DETERMINATOR / docs /api /services.md
Joseph Pollack
adds youtube video
25435fb unverified
# Services API Reference
This page documents the API for DeepCritical services.
## EmbeddingService
**Module**: `src.services.embeddings`
**Purpose**: Local sentence-transformers for semantic search and deduplication.
### Methods
#### `embed`
```python
async def embed(self, text: str) -> list[float]
```
Generates embedding for a text string.
**Parameters**:
- `text`: Text to embed
**Returns**: Embedding vector as list of floats.
#### `embed_batch`
```python
async def embed_batch(self, texts: list[str]) -> list[list[float]]
```
Generates embeddings for multiple texts.
**Parameters**:
- `texts`: List of texts to embed
**Returns**: List of embedding vectors.
#### `similarity`
```python
async def similarity(self, text1: str, text2: str) -> float
```
Calculates similarity between two texts.
**Parameters**:
- `text1`: First text
- `text2`: Second text
**Returns**: Similarity score (0.0-1.0).
#### `find_duplicates`
```python
async def find_duplicates(
self,
texts: list[str],
threshold: float = 0.85
) -> list[tuple[int, int]]
```
Finds duplicate texts based on similarity threshold.
**Parameters**:
- `texts`: List of texts to check
- `threshold`: Similarity threshold (default: 0.85)

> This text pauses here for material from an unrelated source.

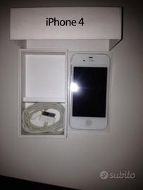 Vendo I-Phone 4 da 16 Gb BIANCO ( NO "S" ) perfetto con display e retro NUOVI. Completo di scatola originale e caricabatteria. Come da foto allegate. Prodotto ORIGINALE APPLE. NON FACCIO SCAMBI e NON SPEDISCO.
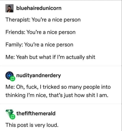 what if i ALSO have a history of abandonment/abuse by friends and have been trained to believe that every relationship of every type is fake and that this is proof that im a test subject of international importance and im also a we and we are screaming at ourselves

**Returns**: List of (index1, index2) tuples for duplicate pairs.
### Factory Function
#### `get_embedding_service`
```python
@lru_cache(maxsize=1)
def get_embedding_service() -> EmbeddingService
```
Returns singleton EmbeddingService instance.
## LlamaIndexRAGService
**Module**: `src.services.rag`
**Purpose**: Retrieval-Augmented Generation using LlamaIndex.
### Methods
#### `ingest_evidence`
```python
async def ingest_evidence(self, evidence: list[Evidence]) -> None
```
Ingests evidence into RAG service.
**Parameters**:
- `evidence`: List of Evidence objects to ingest
**Note**: Requires OpenAI API key for embeddings.
#### `retrieve`
```python
async def retrieve(
self,
query: str,
top_k: int = 5
) -> list[Document]
```
Retrieves relevant documents for a query.
**Parameters**:
- `query`: Search query string
- `top_k`: Number of top results to return (default: 5)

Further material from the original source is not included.